EMMETT TILL

I Be A Ghost Unto Thee

[Curtain rises]

For those who believe in a heaven and hell, I wonder what it would be like the day these two ghosts meet: the ghost of Emmett Till and the ghost of . . . you.  What would you say to him?  And what might he say unto to you?

GHOST 1:

I be dead now a long long time, methinks.  Can you tell me, O Ghost #2, if this be true?

GHOST 2:

It be true and twice true. You’ve been dead a long long time, O Ghost #1, and me as well.

GHOST 1:       And of what did I die of, if you know, pray tell?
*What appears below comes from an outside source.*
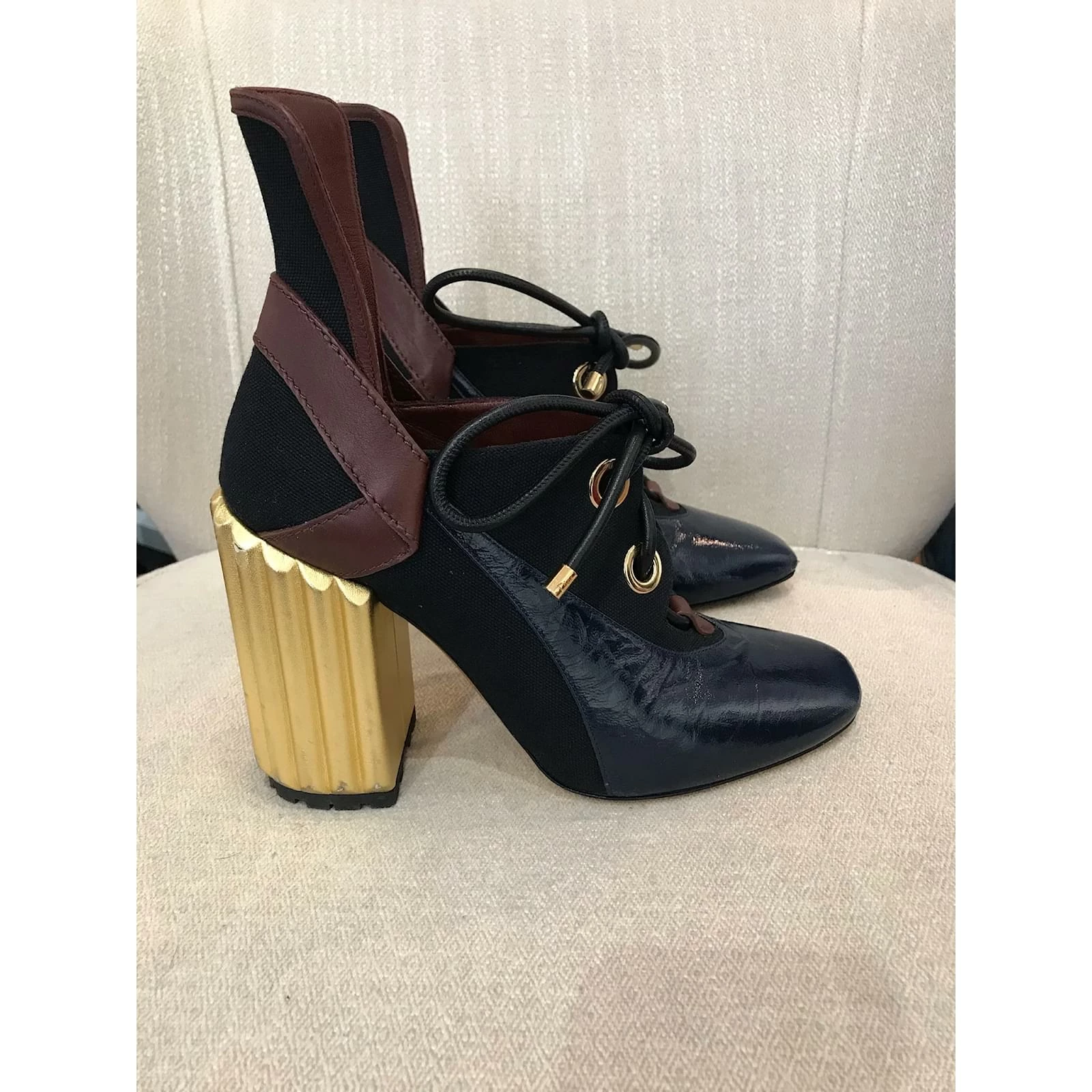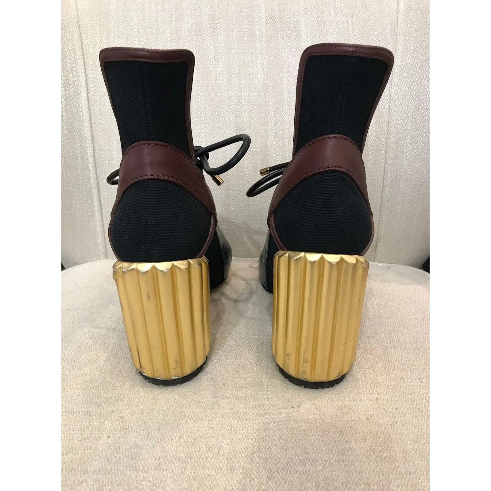 “Dior boots, 40.5 Size.Boots in leather and mesh in navy blue and burgundy color. lace -up closure. Golden thick heels.

GHOST 2:       Prithee, I know right well but am not eager to tell thee.

GHOST 1:       It be that bad, that I did some unbecoming act of cowardice or behaved violently toward another, that you be ashamed to tell me that which was the true cause of mine own death?

GHOST 2:       Not that at all, as there was nonesuch, leastwise not on the part of thee; but thy death was not pleasant but bloody and unforgiving and will cast thy attackers downward into the deepest pits of fiery Hell forevermore!

GHOST 1:       Aye!  Then these nightmares are not the illusions of dreams I hoped they might be!  My memory is impaired but not broken; I remember certain of these acts of violence of which you speak!  I remember men grabbing me . . . but wherefore did they think I did wrong them in the first place?

GHOST 2:       Aye, the details there are not so clear but rumor has it, begging thy pardon O Ghost #1, that thou did look or whisper or whistle at a full-grown woman, she of the white race and thee of the Black race, sable son of Africa.  She was of the Old South and thee of the New North.  These two streams do not mix smoothly but jostle and push against one another for strength of supremacy in all such matters as these.

GHOST 1:       And if all that be so, am I in Heaven or Hell?  And what brings you here?  Surely you did not look or whisper or whistle at a woman of another race as in the manner of my own undoing?

GHOST 2:       Nay, that be so.  We are in Purgatory awaiting the Lord’s decision whether we are to ascend higher to heaven or descend lower to hell, to the fiery pits below.  I am here for Cowardice, for not speaking to save thy life, for not speaking to condemn thy murderers, for not witnessing all men are brothers.  I died of Cowardice and Fright, methinks.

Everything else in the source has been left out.